## DATA EXCERPT
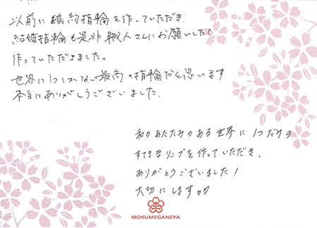 世界に1つだけの結婚指輪 神奈川県 康太様 三美子様(お渡し担当:鈴木)
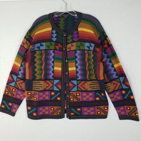 Silver Llama 100% Alpaca Cardigan Sweater Colorful Ethnic Colorblock sz XL Peru
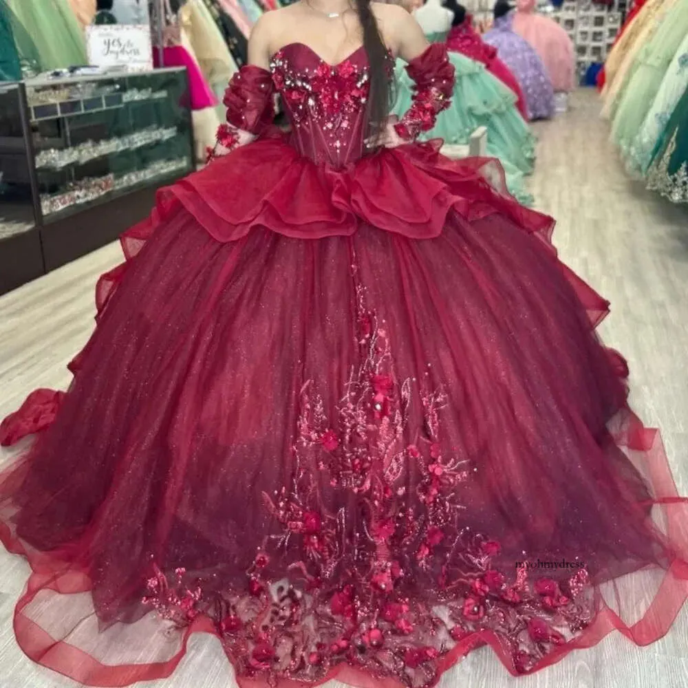 Sweetheart Bury Quinceanera Dress Long Sleeved 2024 Party Gown Princess Lace Appliques Beads Off The Shoulder For 16 Years

## EXERCISE GOAL
Repeat the line that contains "Silver Llama 100%" and each line after it, through the last line of the listing, exactly and alone; pictures stay out of the repeat.

## ANSWER SPACE
 Silver Llama 100% Alpaca Cardigan Sweater Colorful Ethnic Colorblock sz XL Peru
 Sweetheart Bury Quinceanera Dress Long Sleeved 2024 Party Gown Princess Lace Appliques Beads Off The Shoulder For 16 Years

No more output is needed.